- 935 Okunma
- 1 Yorum
- 0 Beğeni
MUSTAFA AKKAD VE “AHTAPOT”
“Ahtapot” benim ilk romanımdır. İngiliz ajanı Hampher’in 1710 yılında İstanbul’a gelmesiyle başlayan bir hikâyeyi anlatır.
İngilizler, “Üzerinde güneş batmayan Büyük Britanya İmparatorluğu”nun devamlılığını Osmanlı küçültülmesiyle orantılı görür. Onlara göre, Osmanlı’nın hâkim olduğu topraklardan sökülüp atılması halinde buralara İngilizler yerleşeceklerdir.
O tarihlerde 5 bin ajanla bu işe başlarlar ve bunu kısa süre içerisinde 100 bin ajana çıkaracaklarını açıklarlar. Çalışmalar bu çerçevede yürütülür ve gerçekten bu ajanın Arap Yarımadasındaki başarısıyla bugünkü yönetim 18. Asrın ortalarında iş başına getirilir. Bu, Osmanlı için bir iç darbedir. Sonra arkası gelir ve Osmanlı İmparatorluğu bu olaydan bir buçuk asır sonra çözülmeye yüz tutar. Gerçekten de Osmanlı’nın özellikle Arap Yarımadasında terk ettiği topraklara İngilizler yerleşir.

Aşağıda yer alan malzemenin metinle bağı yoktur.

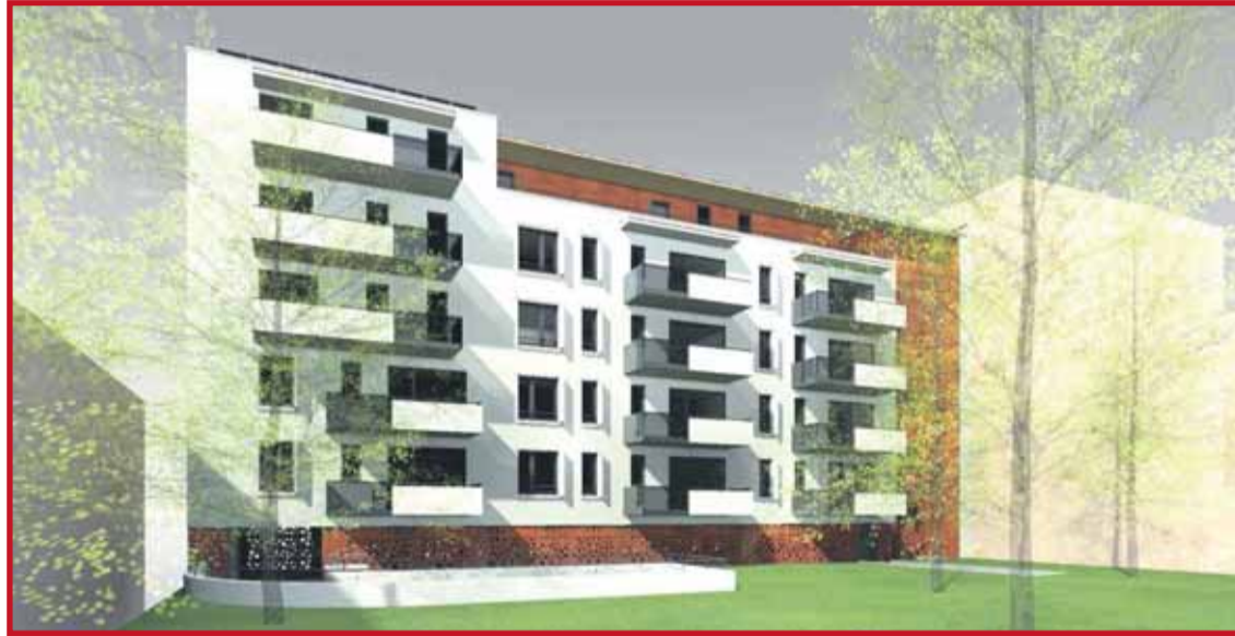
A Kartács utca 14. szám alatti 23 lakásos, csaknem egymilliárdból épülő önkormányzati bérház megfelel a passzívház kritériumainak, átadása jövő év elejére várható

A 2015-ös program felülvizsgálata az időarányos teljesítések alapján még idén februárban megtörtént. A ciklusterv ütemezése az épületek állapotának felmérésén alapul. Az önkormányzat minden évben az eredetileg tervezett sorrendiség felülvizsgálatával készíti el az éves rekonstrukciós terveket, figyelembe véve az intézményvezetők véleményét. A beruházásokkal a kerület teljesíti a klímastratégiaájában vállalt célkitűzéseit, ehhez megfelelő energetikai jellemzőkkel rendelkező épületeket valósít meg 2020-ig. Különösen ide so-

Bu romanı, İngiliz Ajan’ın kendi hatıralarından hareket ederek yazmıştım. Romanım çıktıktan hemen sonra belki okur kesiminde arzulanan ilgiye ulaşamadı, ama önemli bir şeyi başarmıştı; İFPAŞ; bunun hemen senaryosunu hazırlattı ve büyük bir prodüksiyon olarak çekim için görüşmelere başladı. Bu görüşmelerin ilki, Mısırlı meşhur yönetmen Mustafa Akkad’la yapıldı ve anlaşma metni taraflarca imzalandı. Arkasında Kaptan Kusto’nun deniz araştırmalarında çekimini yapan ekiple irtibata geçildi. Onlarla da mutabakat sağlandı. Bu defa, bu filmin sponsorluğunu üstlenecek kurumlarla temasa geçildi. Türkiye’de iki bankaya teklif götürüldü. İkisi de senaryoyu inceleyince İngilizlere hedef olma riskini göze alamadılar ve bu işe giremeyeceklerini bildirdiler. Mısır’da bir kurumla görüşmeler yapıldı. Orası da aynı gerekçelerle, bu konuya sıcak bakmadı. Böylece bizim eserin filme alınma işi başarısızlıkla sonuçlandı.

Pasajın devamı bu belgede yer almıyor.